If your documents have significant visual structure (tables, diagrams, forms, charts), use VLM-based approaches. If you're primarily dealing with natural images + text, separate pipelines with CLIP may be simpler and faster.

Full Pipeline: Caption-Then-Embed

Here's a practical approach using GPT-4V to caption images, then embedding captions alongside text:

from openai import OpenAI
from sentence_transformers import SentenceTransformer
import base64

client = OpenAI()
embedder = SentenceTransformer('BAAI/bge-large-en-v1.5')

def caption_image(image_path: str) -> str:
    """Use GPT-4V to generate a detailed caption"""
    with open(image_path, "rb") as f:
        image_data = base64.b64encode(f.read()).decode()
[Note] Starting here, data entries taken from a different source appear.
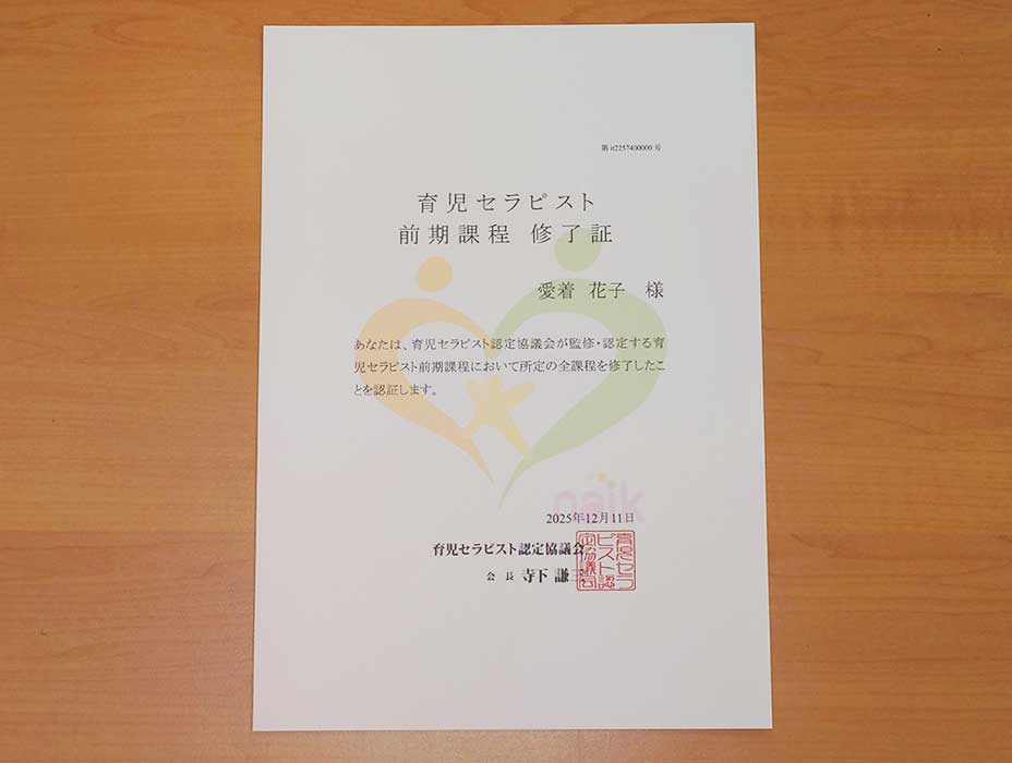 そのため、本講座をご受講いただきますと申請のお手続きなく『育児セラピスト前期課程(2級)』を修了いただけます。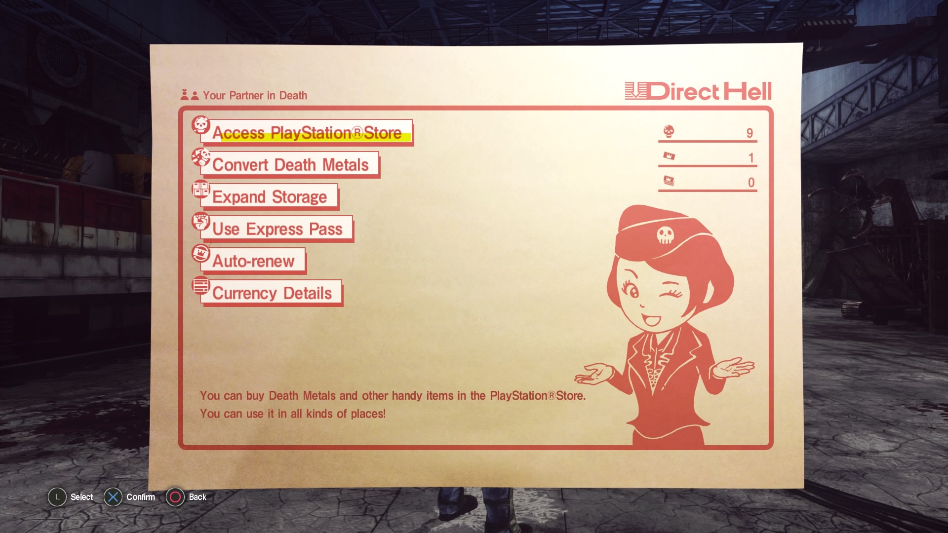 - Access Playstation Store (Used to purchase Death Metals with real-world cash.)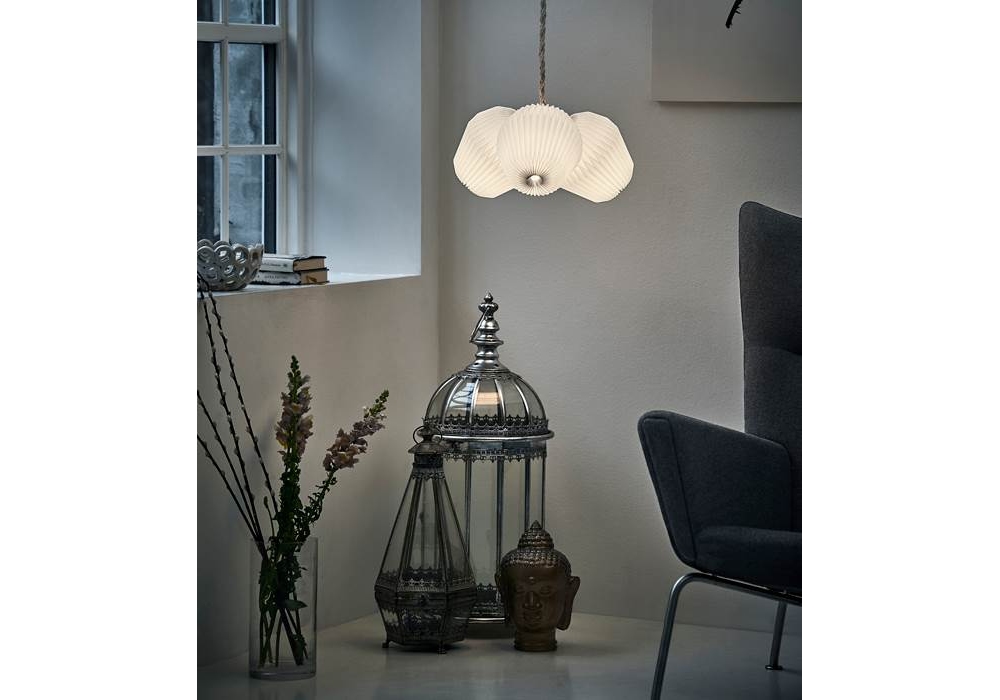 Der Bouquet Chandelier, entworfen von Sinja Svarrer für Le Klint, ist eine Hängeleuchte, die durch die Kombination von Kunststoff und Holz strukturiert ist. Die drei großen Lampenschirme bestehen aus Kunststoff- oder Papiermaterial mit einer Oberfläche mit regelmäßigen und präzisen Falten, um eine optimale Lichtstreuung zu gewährleisten. Das Lampengehäuse ist aus Eichenholz und verwendet LED- oder Halogenlichtquellen (nicht im Lieferumfang enthalten). Der Bouquet Kronleuchter ist in verschiedenen Größen erhältlich.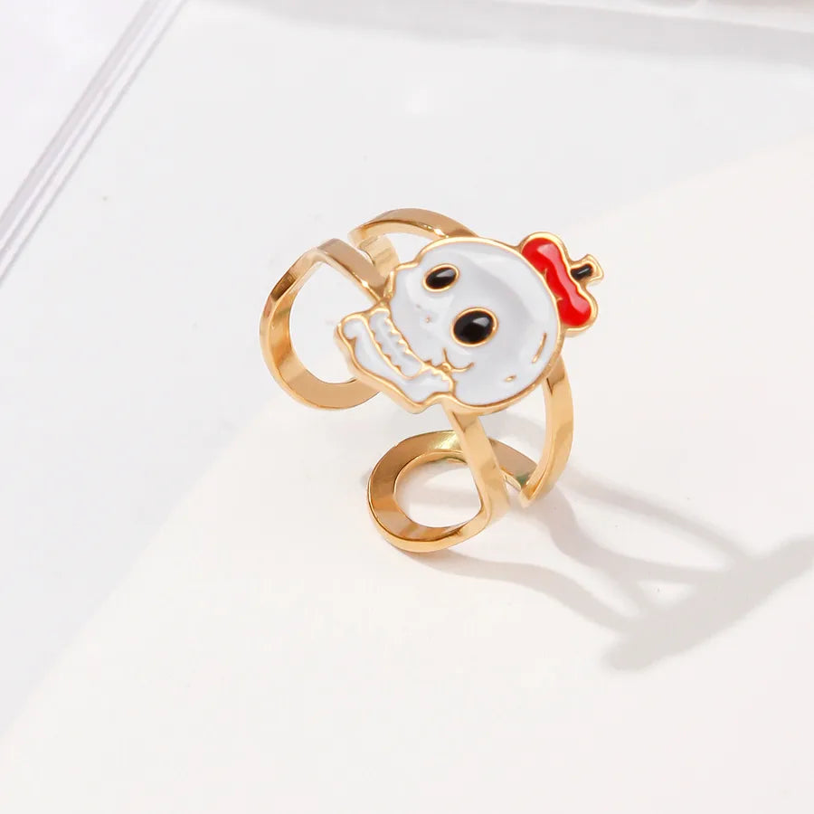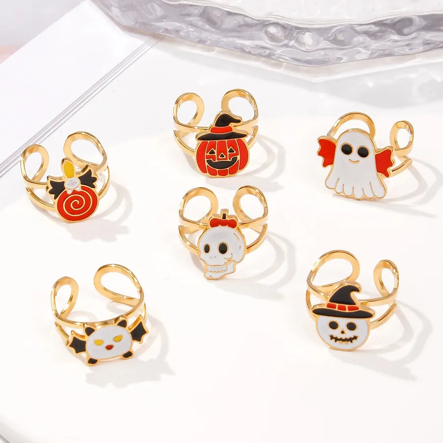 Stainless Steel Halloween Christmas Ring Fashion Universal Design Open Monster Ring Jewelry Cartoon Figures Pattern - Adjustable Opening / WJZ528-Classification of Nail Art Accessories

    response = client.chat.completions.create(
        model="gpt-4o",
        messages=[{
            "role": "user",
            "content": [
                {"type": "text", "text": "Describe this image in detail for search indexing. Include all text, numbers, and visual elements."},
                {"type": "image_url", "image_url": {"url": f"data:image/jpeg;base64,{image_data}"}}
            ]
        }],
        max_tokens=500
    )
    return response.choices[0].message.content

def build_multimodal_index(documents: list):
    """Build unified index from text chunks and image captions"""
    all_content = []

    for doc in documents:
        if doc['type'] == 'text':
            all_content.append({
                'content': doc['text'],
                'source': doc['source'],
                'type': 'text'
            })
        elif doc['type'] == 'image':
            caption = caption_image(doc['path'])
            all_content.append({
                'content': caption,
                'source': doc['path'],
                'type': 'image',
                'original_path': doc['path']
            })

    # Embed all content uniformly
    texts = [item['content'] for item in all_content]
    embeddings = embedder.encode(texts, normalize_embeddings=True)

    return all_content, embeddings

Key Takeaways

  • 1

    Real documents are multi-modal - Text-only RAG misses charts, diagrams, and tables that often contain key information.

  • 2

    ColPali treats pages as images - No extraction needed. The model "sees" layout, text, and visuals together.

  • 3

    Caption-then-embed is practical - Use GPT-4V to describe images, then embed captions with text embedders.

  • 4

    Match approach to content - VLMs for structured documents, CLIP for natural images, hybrid for mixed collections.